Pavel Timofeev, Head of the Regional Problems and Conflicts Sector at the IMEMO of the Russian Academy of Sciences, shared with Izvestia the opinion that Macron's cabinet does not want the loan to Ukraine to specifically refer to Russian money that is in France. There are two points here: image and economic.
— First of all, Macron understands that the reputational risks of such an operation are very high. If the EU confiscates funds in disregard of legal restrictions, it is unlikely that in the future third countries will consider the territory as a reliable guarantor of private property. If they find a legally sound way to seize Russian assets, France will most likely support this decision. Secondly, Paris cares about the French economy, which is going through difficult times: it needs stability guarantees for investors and bank depositors," the expert concluded.
All the gold that glitters
Information about specific amounts held in EU banks is classified. Due to the stagnation of the European economy, Russian assets are becoming an important link in the chain separating the European Union from collapse and bankruptcy. Another idea regarding the funds of the Russian Federation is as follows: the confiscation of € 100 billion in favor of the United States. However, the EU, and especially France, reacted to this with great skepticism. Experts suggest that the possible reason for this reaction is due to the fact that all proceeds from the placement in Euroclear have already been used to cover loans to Ukraine, and transferring them to Washington would lead to a deficit in the European budget.

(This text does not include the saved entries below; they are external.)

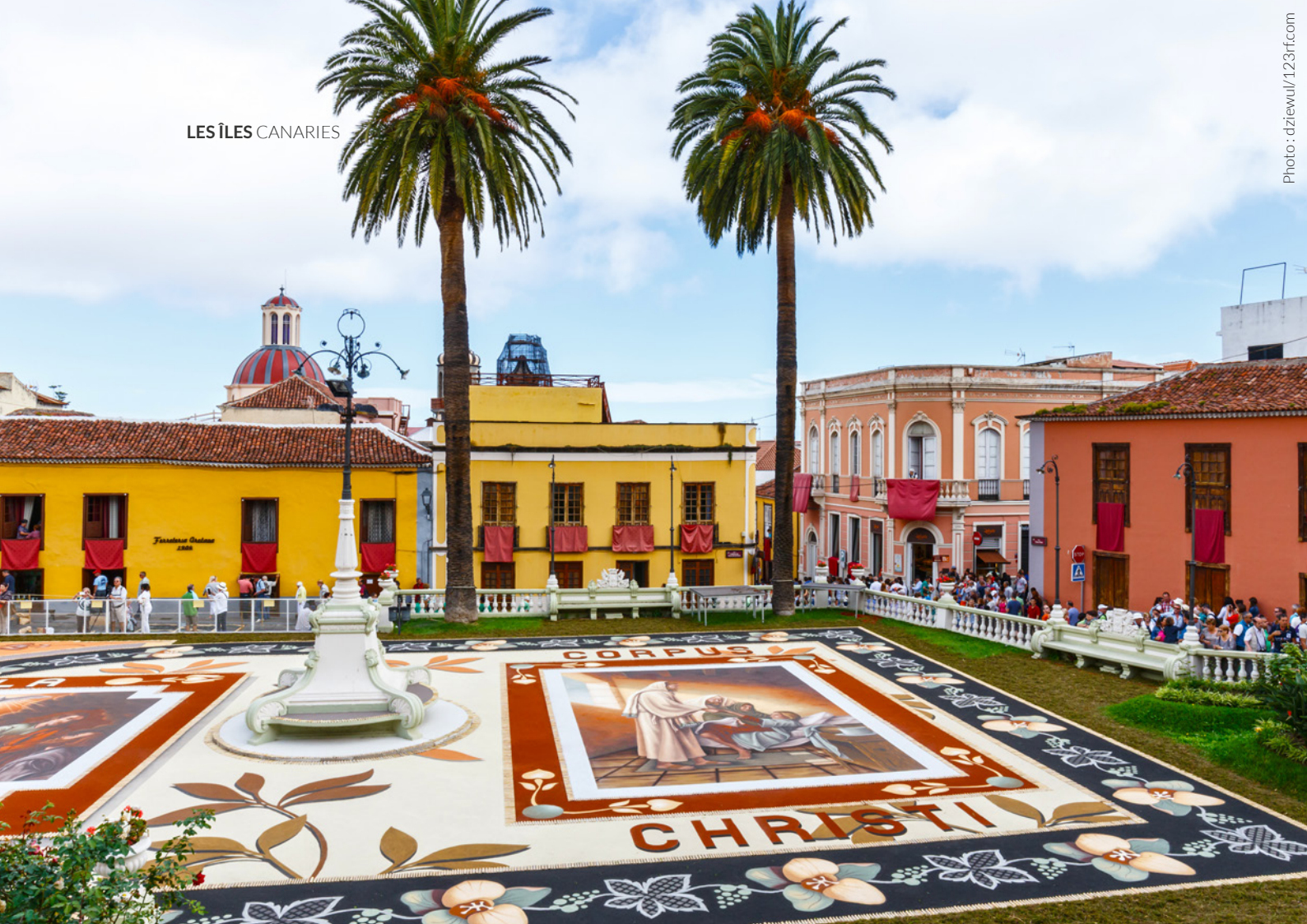
▲ TAPIS DE LA FÊTE-DIEU LA OROTAVA, TENERIFE

Une excursion fascinante vous mènera dans la ville de Candelaria , à l'atmosphère maritime et populaire. La basilique est sa construction la plus emblématique. En juillet et août a lieu la fête patronale , avec ses beaux pèlerinages et des dépôts de gerbes florales en hommage à la patronne de la ville, la Vierge de la Candelaria.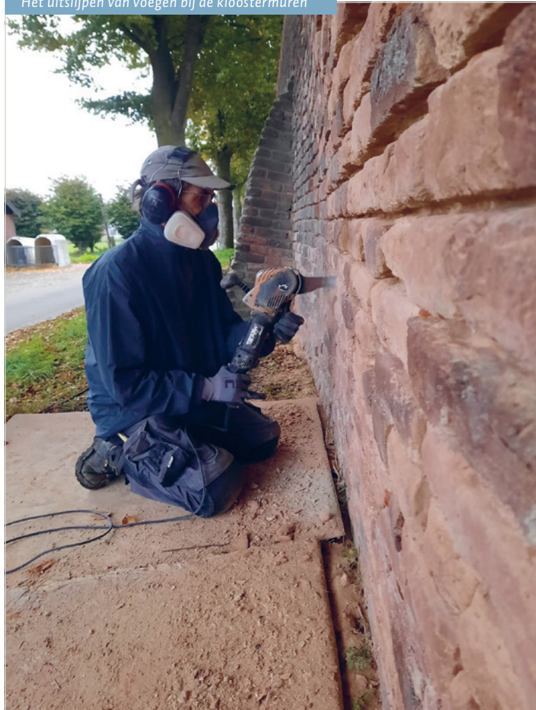
Het uitslijpen van voegen bij de kloostermuren

De derde bijzondere activiteit heeft als doel de digitale presentatie van collecties in het Erfgoedcentrum te versterken. Het gaat om drie deelprojecten. Op de eerste plaats wordt de digitalisering voorbereid van ruim 20 meter archiefmateriaal over de werkzaamheden van kloosterlingen in het Caribisch gebied, binnen een voorziening en subsidieregeling van de Koninklijke Bibliotheek (Metamorfoze). Na afloop kunnen onderzoekers van deze archiefstukken zowel de beschrijvingen als de inhoud online raadplegen. Het tweede project dat geïnitieerd wordt, betreft de koppeling van data van het Erfgoedcentrum aan de websites oorlogsbronnen.nl en onland.nl . De laatstgenoemde website toont bronnen van een groot aantal erfgoedinstellingen over de gedeelde geschiedenis van Nederland en Indonesië. Omdat het overgrote deel van de orden en congregaties betrekkingen had (en heeft) met Indonesië, mogen de collecties van het Erfgoedcentrum hier niet ontbreken. Met het derde project is reeds een begin gemaakt: de digitale presentatie van de filmcollectie in het Erfgoedcentrum via de website www.erfgoedkloosterleven.nl en de website BrabantinBeelden van het Brabants Historisch Informatie Centrum. > M. Arendsen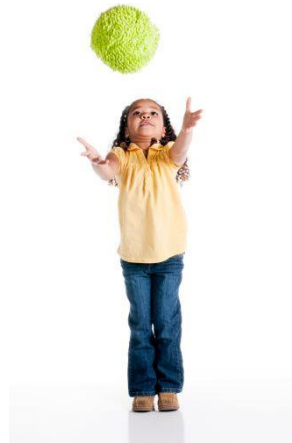
Slika 2. bacanje lopte s dvije ruke

Djeca mlađe školske dobi susreću se s različitim rekvizitima i predmetima. Kako bi se njima mogli koristiti te izvoditi različite elemente, potrebno je usvojiti baratanje raznovrsnim predmetima (lopte, obruča, vijače, čunjeva, ... i sl.) rukama. Bacanjem i hvatanjem rekvizita u pojedinim zadacima (npr. bacanje lopte u zrak (Slika 2), bacanje manje lopte, bacanje istovremeno dvije lopte i sl. djeca će usvajanjem sve složenijih zadataka razvijati koordinaciju ruku.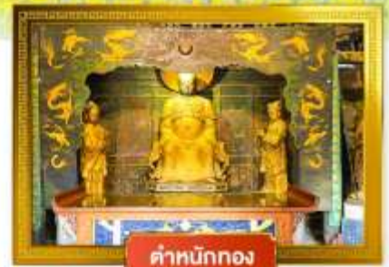
ตำหนักทอง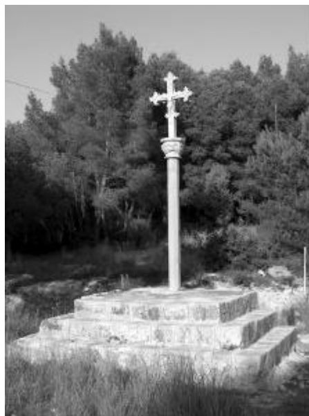
La Creu de Ribes

de les finques de la dreta, veurem l'ermita de Santa Bàrbara, que dóna nom a l'indret. El Camí ens deixarà a la recentment restaurada Creu de Ribes, que pels ribetans és de Sitges, ja que marca el límit de terme entre els dos municipis. Vorejarem la urbanització, fins trobar el caminet que careneja per sobre del bosc de Can Burguera, just pel límit de terme. En breu, seguirem un senderó que, pel mig del bosc, i ja en terme de Sant Pere de Ribes, ens mena a la pista que porta fins l'autódrom i la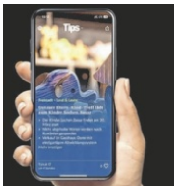
Personalisiertes Nachrichtenangebot dank smartem Algorithmus

*Quelle: ARGE Media Analysen MA 24, CMR Tips/tips.at; max. Schwankungsbreite +/-2,0 %. Onlinereichweite: Justierung an den Werten der Österreichischen Webanalyse.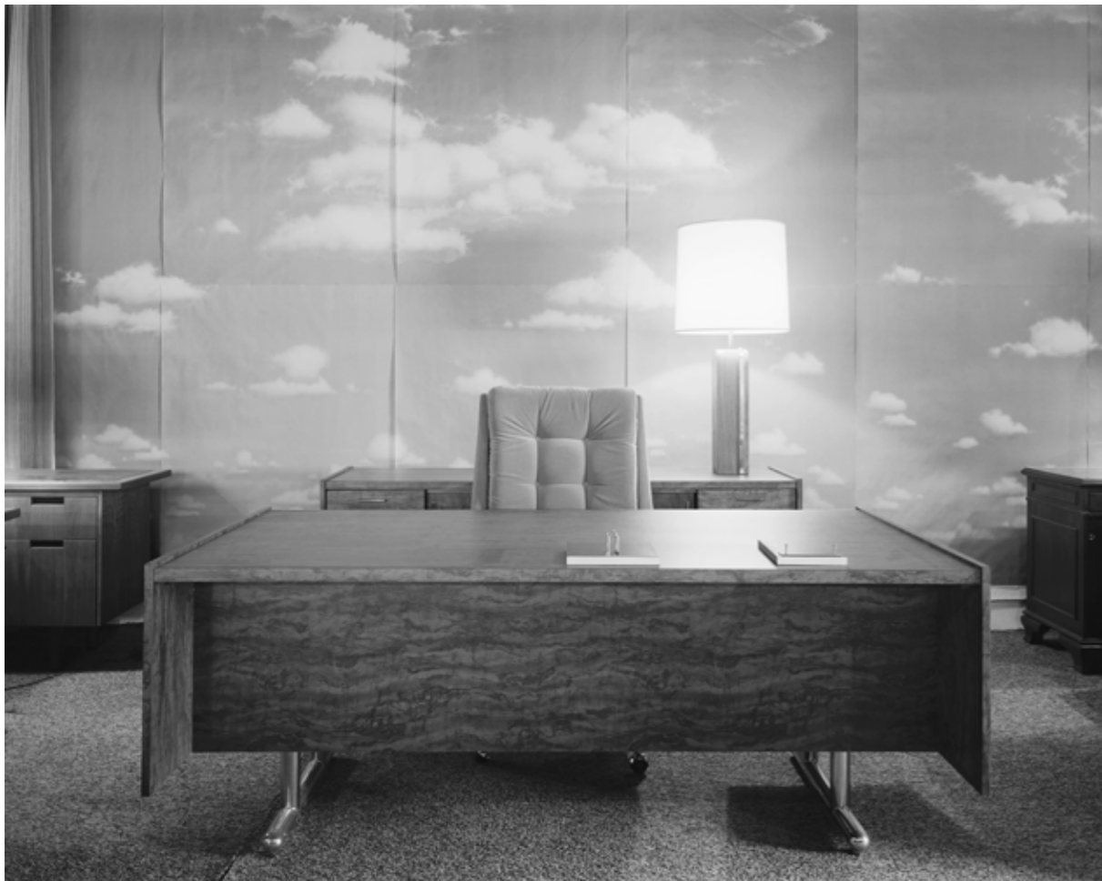
Lynne Cohen - Corporate Office - 1986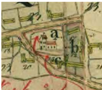
Första stora utvidgningen görs i samband med laga skiftet, omkring 1826. Kyrkogården får då en form som mer påminner om dagens men utgör fortfarande en mindre del av den. Kyrkogården sträcker sig väster- och söderut fram till de omliggande vägarna. På området öster om kyrkan (b) ligger byns skola och fattighus. Karta från hemmanskyllning 1830.

I samband med laga skifte 1826 frigörs yta söder om kyrkan. Marken används till en utvidgning av kyrkogården och som "hviloplats för dem som komma till kyrkan" enligt skifteshandlingar. I samband med skiftet görs även mindre utvidgningar i norr och väster så kyrkogården går fram till vägarna i väst och nord. Kyrkogården får därmed en form som mer liknar den nutida men utgör fortfarande bara en del av den. Öster om kyrkogården byggdes ett gemensamt skol- och fattighus 1832.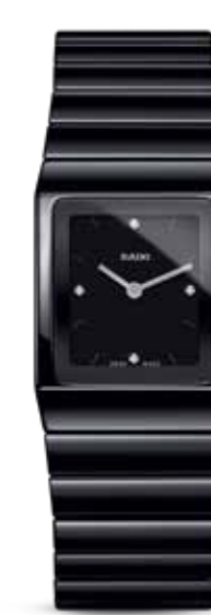
Ceramica Jubilé € 2.010,-

True Automatic Open Heart in ongenaakbaar glanzend en uiterst krasbestendig Plasma hightech keramiek.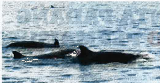
KUMPULAN paus pilot sirip pendek yang ditemui pemancing di perairan Pulau Perhentian, Besut.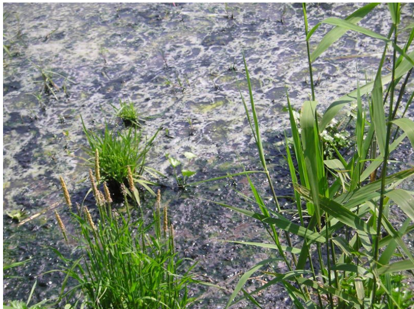
Υγρά λύματα σε χώρο κοντά στο ξενοδοχείο "Πόρτο Ρίο"

Γενικό έλεγχο των ξενοδοχειακών μονάδων της παραλιακής περιοχής της Αχαΐας έχει ήδη ξεκινήσει η Διεύθυνση Δημόσιας Υγείας Αχαΐας της Περιφέρειας Δυτ. Ελλάδας σε ότι αφορά την λειτουργία των αποχετευτικών συστημάτων και βιολογικών τους καθαρισμών.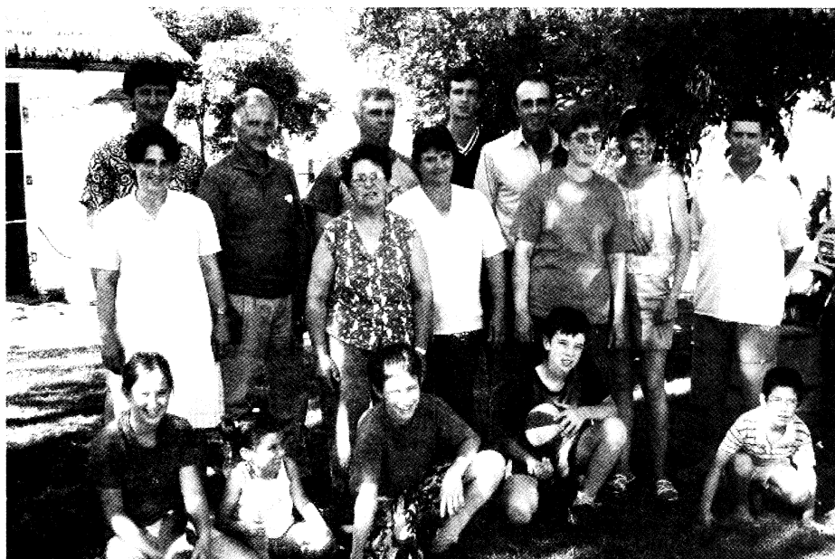
La familia quesera de la Zona Guichón.

A través de la observación de la actividad a campo se pudo constatar que ha existido una relación de horizontalidad y respeto entre los miembros del equipo técnico y los productores implicados, así como la puesta en práctica de la interdisciplina.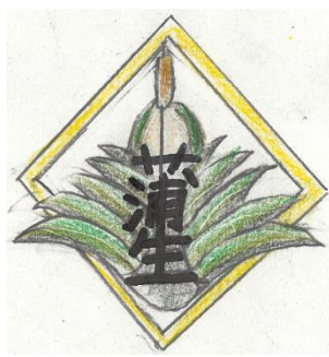
原作者 笹嶋 大雅さん(蒲生小学校5年)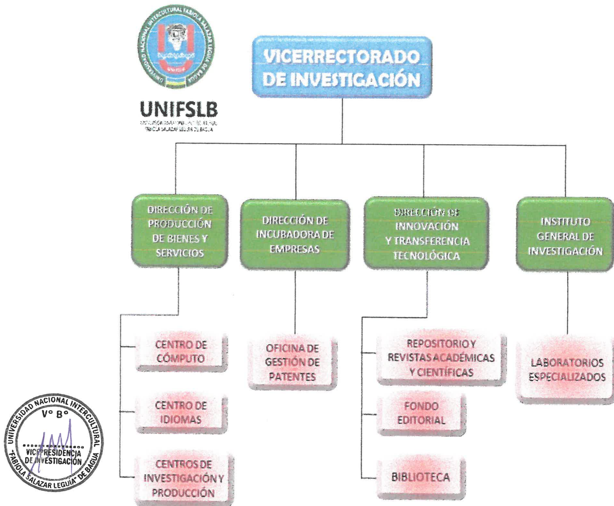
Figura 1. Organigrama del Vicerrectorado de Investigación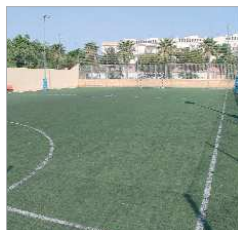
Pista de césped del 'Castaña'.

Plaza Factoría Creativa La Paz 1 y 2 van a ser sometidos a una reforma integral en la que se contemplan los revestimientos, la sustitución de las ventanas y la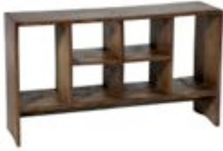
PIERRE JEANNERET 1896-1967 BIBLIOTHEQUE BASSE - CIRCA 1960 Bâti compartimenté à double face ouvertes. Sisso massif (palissandre indien). Haut. 70,5 cm - Long.121,5 cm - Prof. 37,5 cm Estimation 6 000 - 8 000 € Vendu 37 700 €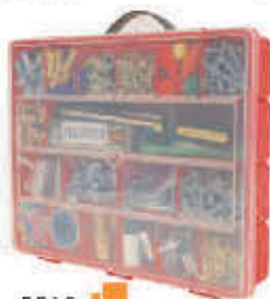
5518 Maletín organizador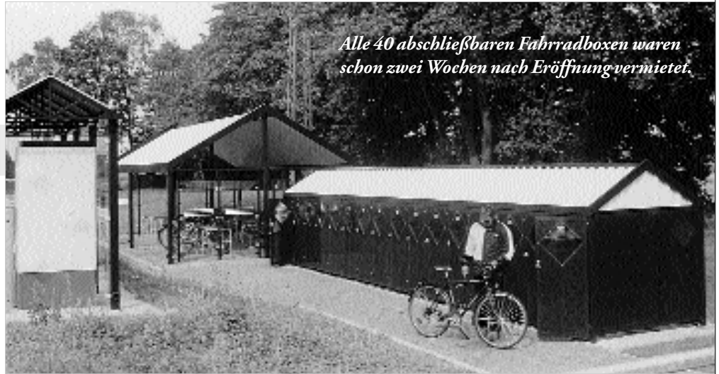
Alle 40 abschließbaren Fahrradboxen waren schon zwei Wochen nach Eröffnung vermietet.

Die große Nachfrage nach gesicherten Fahrradabstellplätzen erfordert weitere Maßnahmen: Wenn der Bedarf an Boxen abschließend erfasst ist, wird sich die Gemeinde um eine entsprechende Ergänzung der Radabstellanlagen bemühen. Zur Zeit stehen bereits 17 Anmeldungen auf einer Warteliste. Ein Teil der überdachten Fahrradständer soll zusätzlich eingezäunt werden und zwei abschließbare Gruppenboxen mit je 13 Bügeln eingerichtet werden.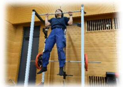
懸垂を毎当直欠かさずやります。男性にも体力で負けたくないです！！

普段は、同じ隊の先輩方と多種多様な災害現場に対応できるように、毎当直訓練を実施しています。いつ起こるか分からない災害に備え、知識、技術、体力を高め、救助隊員になれるよう頑張っていきます。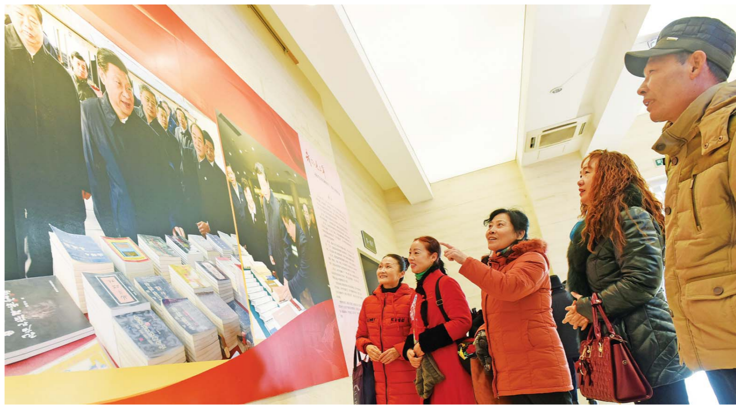
□记者 吕光社 通讯员 杨国庆 报道

对“百姓儒学”和“乡村儒学”，无论下多大力气都值得，这是济宁建设首善之区的一贯坚持，也是将优秀传统文化植根基层的重要举措。3年来，济宁大力实施优秀传统文化六进普及、道德提升、文明创建等七大工程，深入开展“儒韵民风”建设、弘扬优秀传统文化家风家训、新礼仪新风尚培育系列活动，创新推出了图书馆+书院、孔子学堂、尼山书院国学公开课等公共文化服务模式，广泛开展儒学进乡村活动，建成乡村社区儒学讲堂1058处，聘请儒学讲师93名，组织开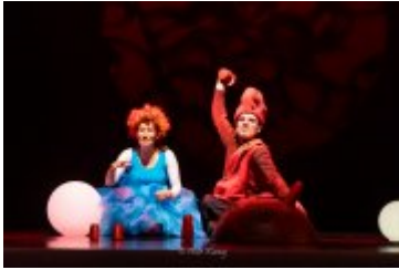
• 2024-03-16-Premiera spektaklu Luna w Teatrze Lalek Rabcio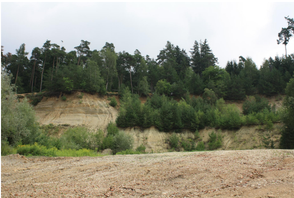
Bild 1: Der zentrale Teil der ehemaligen Kiesgrube scheint mit Bauaushub verfüllt zu sein (Molasse-Material und Ziegel usw.).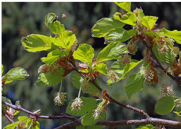
Fig. 1. Les fleurs mâles du hêtre se présentent sous forme de chatons.

Les fruits du hêtre – les faînes – ressemblent à de minuscules châtaignes triangulaires. Ils sont enfermés à deux, ou plus rarement à trois, dans une cupule ligneuse hérissée d'épines blanches molles et recourbées (Fig. 2). Les fruits mûrissent au cours de l'été et se détachent des cupules ouvertes à partir de la mi-septembre, ou tombent avec elles entre octobre et novembre.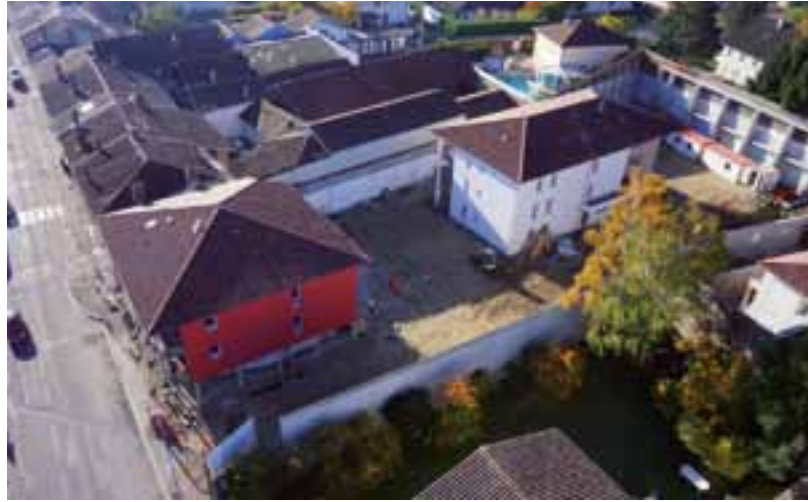
La microcrèche (au rez-de-chaussée du bâtiment blanc) est située à La Neuve, avenue de Mâcon qui a besoin d'être requalifiée.

This situation also explains why, probably, a significant part of the Russian funds frozen in the EU outside Belgium remains hidden. It is believed that some of the resources could have been used by European governments not quite "honestly", therefore, US intervention carries the risk of revealing sensitive information. In this regard, it seems safer for the European Union to delay the process and formalize the expropriation of assets in its favor. If some unpleasant details come out and it turns out that the assets of the Russian Federation have "gone somewhere", then the EU may well face a major international scandal.